_AIM OF THE EXERCISE_: Your answer should hold only the lines from the start of the data below through the line with "Here are some", copied exactly, with pictures left out.

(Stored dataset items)
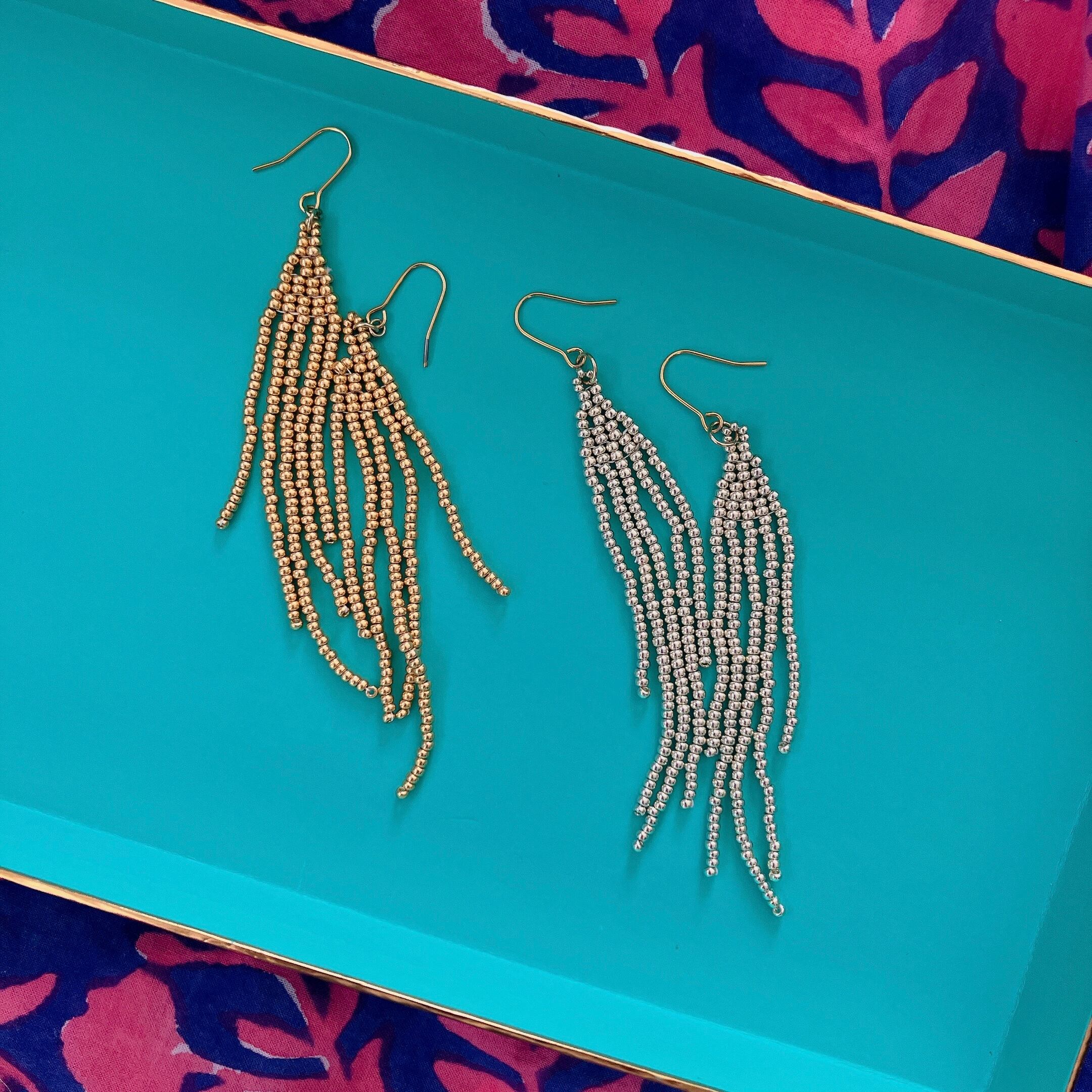 三角フリンジモチーフのピアス/イヤリングです。動きにつれて揺れるフリンジは、シンプルながら存在感を放ち、耳元を華やかに彩ります。
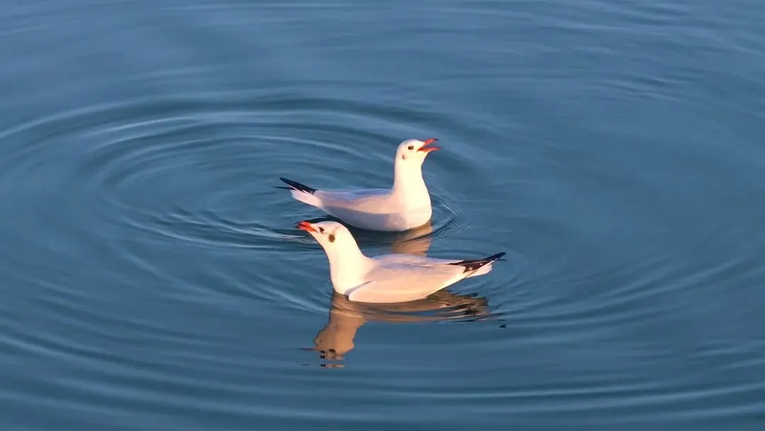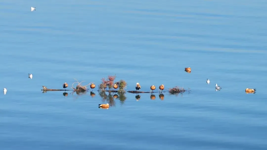 冬日阳光下,成千上万只红嘴鸥在碧波之上翩翩起舞,它们或低空掠过水面,或盘旋于人群之上。
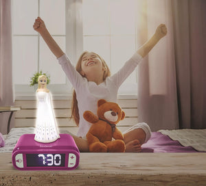 - An alarm clock with a wonderful Elsa lighting up for a few minutes when your press on it.
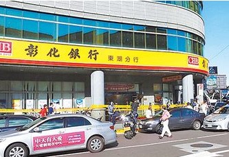 搶匪持槍進入彰化銀行北市東湖分行搶劫未果后逃逸。(圖片來自臺媒)
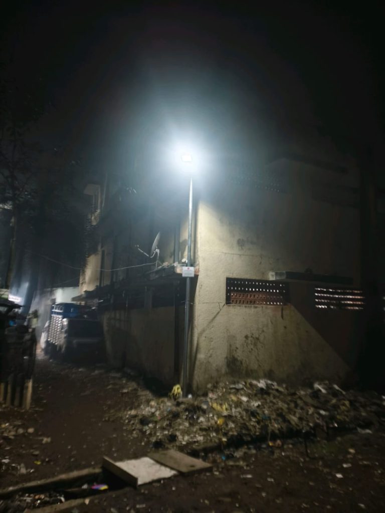 Here are some pictures showing the results after the installation of street lights in Ambujwadi:
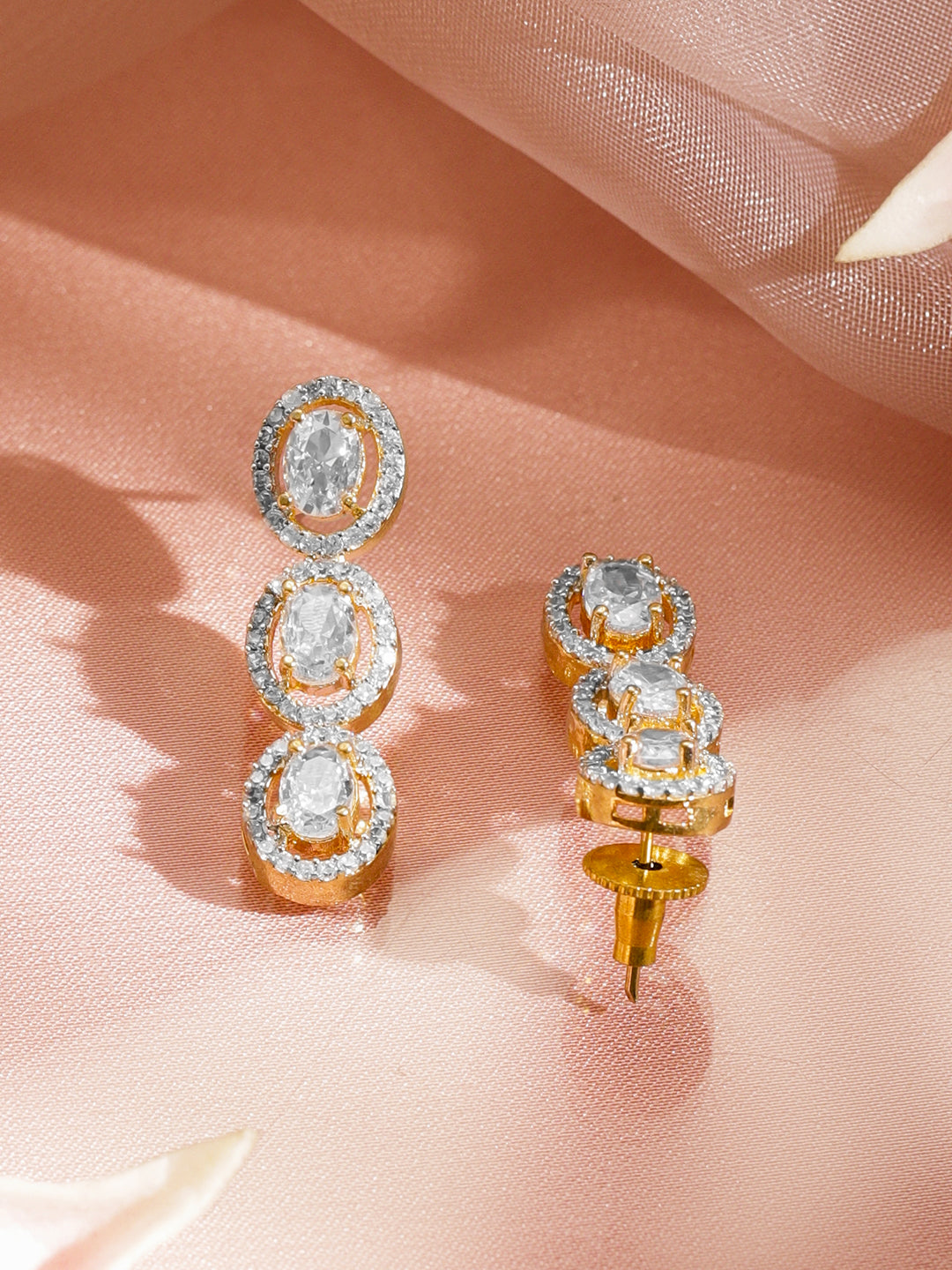 Necklace Set : Rubans 18k gold-plated brass necklace set with dazzling white cubic zirconia stones and matching earrings. A versatile, luxurious pick for weddings, parties, festive moments, and daily elegance.
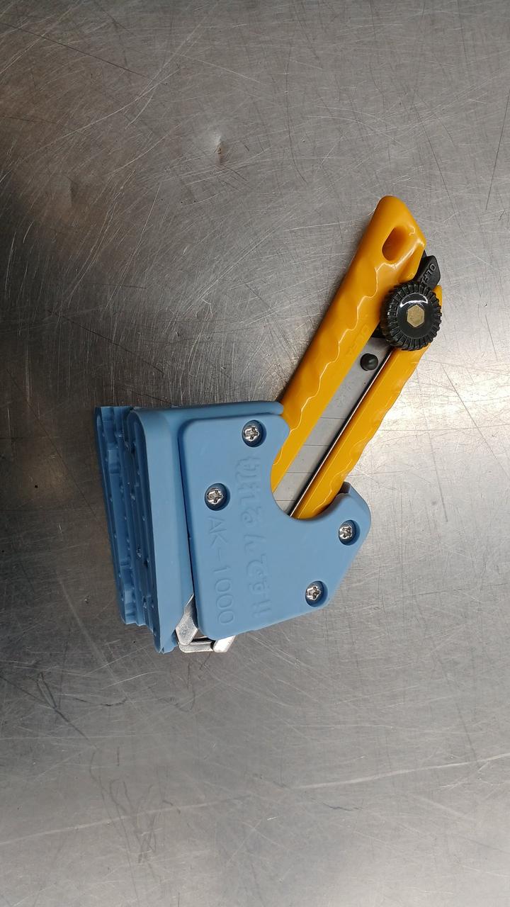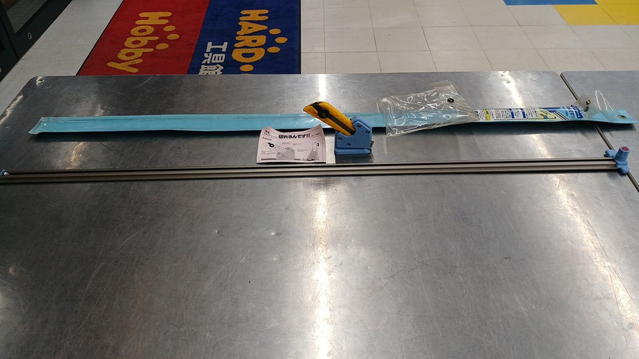 アルミ本体フラットバーの裏面には、ネオスポが貼ってあるので、ズレにくくまっすぐに切りやすいです |

_EXPECTED OUTPUT_:
 三角フリンジモチーフのピアス/イヤリングです。動きにつれて揺れるフリンジは、シンプルながら存在感を放ち、耳元を華やかに彩ります。
 冬日阳光下,成千上万只红嘴鸥在碧波之上翩翩起舞,它们或低空掠过水面,或盘旋于人群之上。
 - An alarm clock with a wonderful Elsa lighting up for a few minutes when your press on it.
 搶匪持槍進入彰化銀行北市東湖分行搶劫未果后逃逸。(圖片來自臺媒)
 Here are some pictures showing the results after the installation of street lights in Ambujwadi:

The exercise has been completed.